Week 7 Maximum Likelihood II, July 12th

There are a couple of concepts related to maximum likelihood estimation for which one can gain an intuition after understanding how maximum likelihood works.

7.1 Score Function

The score is defined as the gradient (think first derivative) of the log-likelihood with respect to the parameters of a model.

We have established earlier that the likelihood function for the parameter p in a binomial distribution can be expressed as

\[\mathcal{L}(p) = {n \choose k} \cdot p^k \cdot (1-p)^{n-k}\]
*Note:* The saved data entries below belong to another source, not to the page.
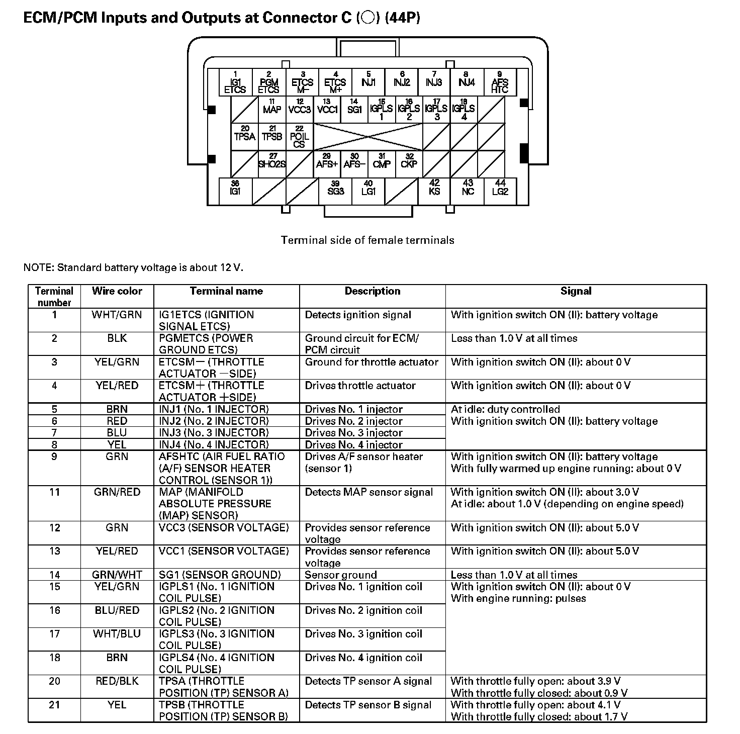 PCM Inputs And Outputs At Connector C (44P) - Part 1: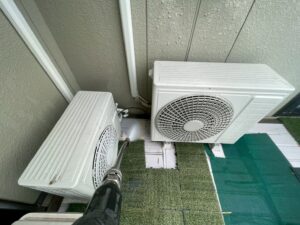 外壁・ベランダ内側・高圧洗浄施工:エアコン室外機・配管・床面の洗浄です。
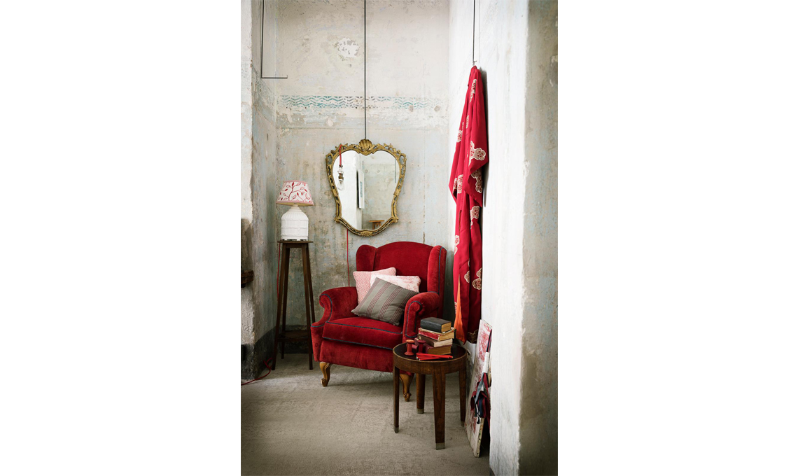 [2] Il tocco chic. Lo specchio barocco, la bergère di velluto e il kimono di seta in rosso creano un angolino d’altri tempi. Poltrona bergère con velluto Rubelli, lampada Bambù con cappello dipinto [Emporio Mikica], kimono in seta [BUBU.tique per Emporio Mikica]

With the corresponding log-likelihood being

\[log(\mathcal{L}(p)) = log {n \choose k} + k(log(p)) + (n-k)log(1-p)\] We can now obtain the score function s for the parameter p in respect to k, the number of successes and n, the number of observations through calculating the derivative of the log-likelihood with respect to p

\[s = k/p + (-1)(n-k)/(1-p)\] which we can re-write to

\[s = k-pn\]

7.2 Fisher Information

Now, the score function is mainly used for obtaining the Fisher information, of a given random variable \(X\) for a model parameter \(\theta\). The Fisher information is simply the variance of the score function of the log-likelihood of \(\theta\) with respect to \(X\). Gaining an intuition of what the Fisher information means, however, is much more interesting than this plain definition.

In the example of the binomial distribution, we might ask how informative n observations are for any parameter value p. Note that p in this case is the “true” p we are trying to estimate. We can show that the variance of the score function, or Fisher information, in this case, equals

\[var(s) = \frac{n}{p(1-p)}\]

Let’s plot the Fisher information for an n of 5 observations each for different estimations of p.

curve(5/(p*(1-p)), xname="p", from=0, to=1, ylab="var(s) for n=5")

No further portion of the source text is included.